GIVEN ENTRIES
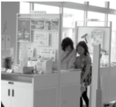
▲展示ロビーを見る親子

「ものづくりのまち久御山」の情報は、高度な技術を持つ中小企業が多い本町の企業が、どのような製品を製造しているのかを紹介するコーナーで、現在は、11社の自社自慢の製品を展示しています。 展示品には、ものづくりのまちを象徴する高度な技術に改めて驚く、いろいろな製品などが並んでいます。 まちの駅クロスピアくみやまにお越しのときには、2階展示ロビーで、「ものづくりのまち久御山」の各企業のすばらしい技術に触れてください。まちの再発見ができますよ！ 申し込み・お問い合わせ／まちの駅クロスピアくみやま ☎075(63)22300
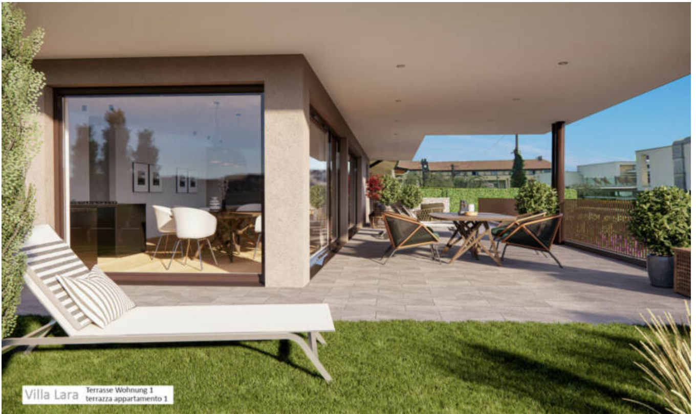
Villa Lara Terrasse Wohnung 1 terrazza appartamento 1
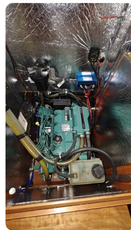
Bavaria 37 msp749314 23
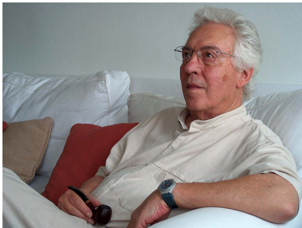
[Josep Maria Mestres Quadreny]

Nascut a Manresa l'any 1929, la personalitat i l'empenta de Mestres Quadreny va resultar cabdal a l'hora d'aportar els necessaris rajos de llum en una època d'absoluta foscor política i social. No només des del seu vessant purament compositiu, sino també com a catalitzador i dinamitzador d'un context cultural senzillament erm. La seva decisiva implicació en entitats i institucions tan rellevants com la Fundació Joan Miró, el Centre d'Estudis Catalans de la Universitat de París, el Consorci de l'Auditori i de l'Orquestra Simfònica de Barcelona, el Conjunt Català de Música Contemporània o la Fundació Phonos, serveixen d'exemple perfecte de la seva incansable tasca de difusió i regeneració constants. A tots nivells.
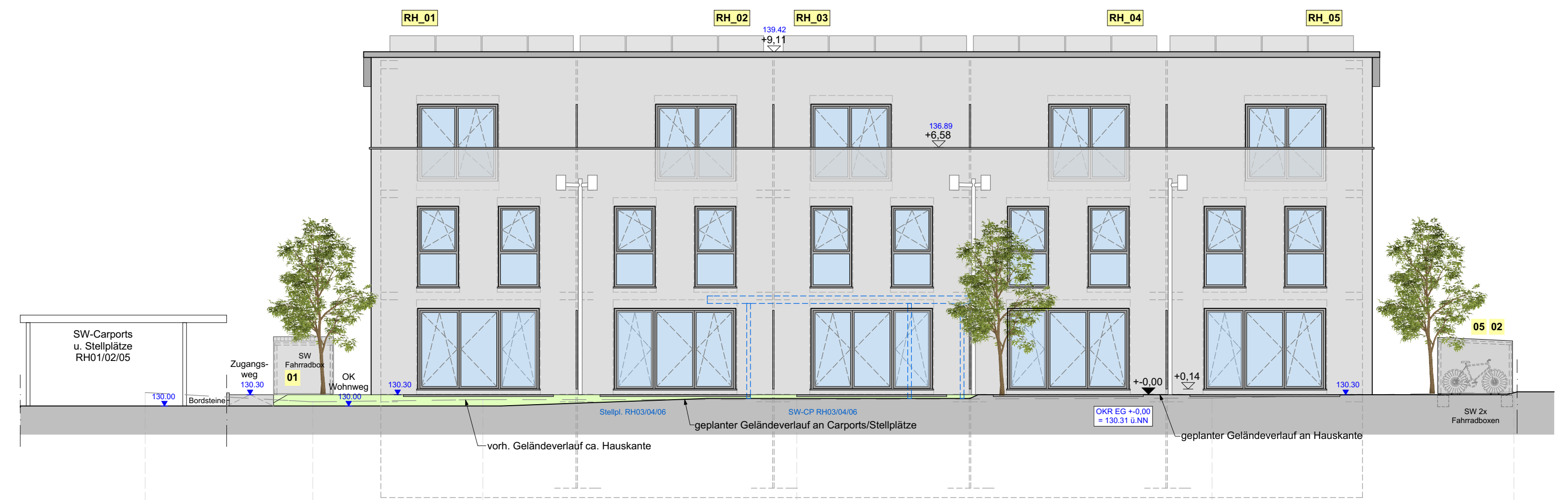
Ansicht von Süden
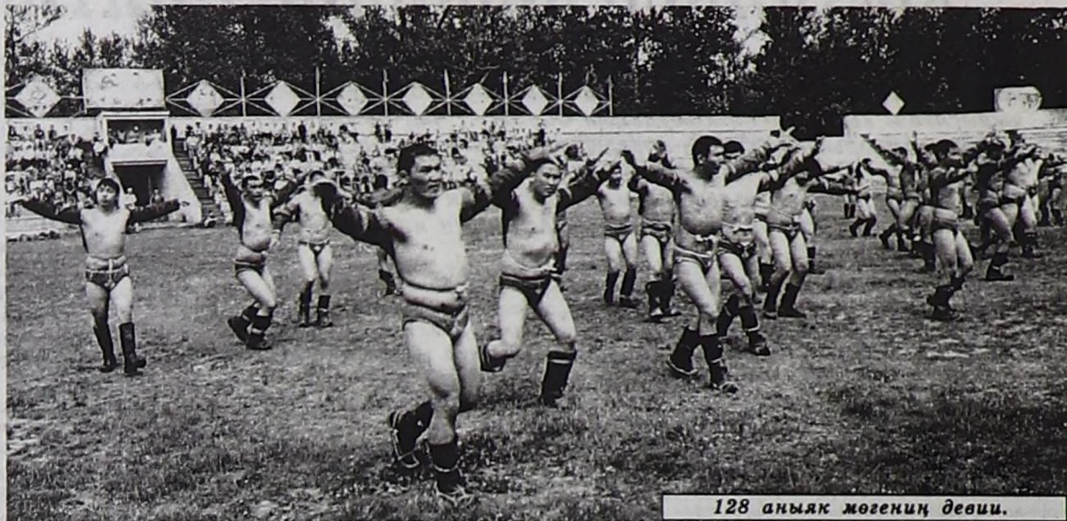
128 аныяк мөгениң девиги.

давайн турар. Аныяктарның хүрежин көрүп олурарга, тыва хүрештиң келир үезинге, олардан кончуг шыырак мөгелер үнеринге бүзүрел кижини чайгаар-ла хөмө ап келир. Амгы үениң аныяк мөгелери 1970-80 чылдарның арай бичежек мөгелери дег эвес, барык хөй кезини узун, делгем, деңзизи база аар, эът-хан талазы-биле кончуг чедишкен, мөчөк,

TASK REQUIREMENTS
Look above for the line that holds "128 аныяк мөгениң девиги.", then copy it and each line after it exactly, through the last line of the data.

COMPLETED EXERCISE
128 аныяк мөгениң девиги.

давайн турар. Аныяктарның хүрежин көрүп олурарга, тыва хүрештиң келир үезинге, олардан кончуг шыырак мөгелер үнеринге бүзүрел кижини чайгаар-ла хөмө ап келир. Амгы үениң аныяк мөгелери 1970-80 чылдарның арай бичежек мөгелери дег эвес, барык хөй кезини узун, делгем, деңзизи база аар, эът-хан талазы-биле кончуг чедишкен, мөчөк,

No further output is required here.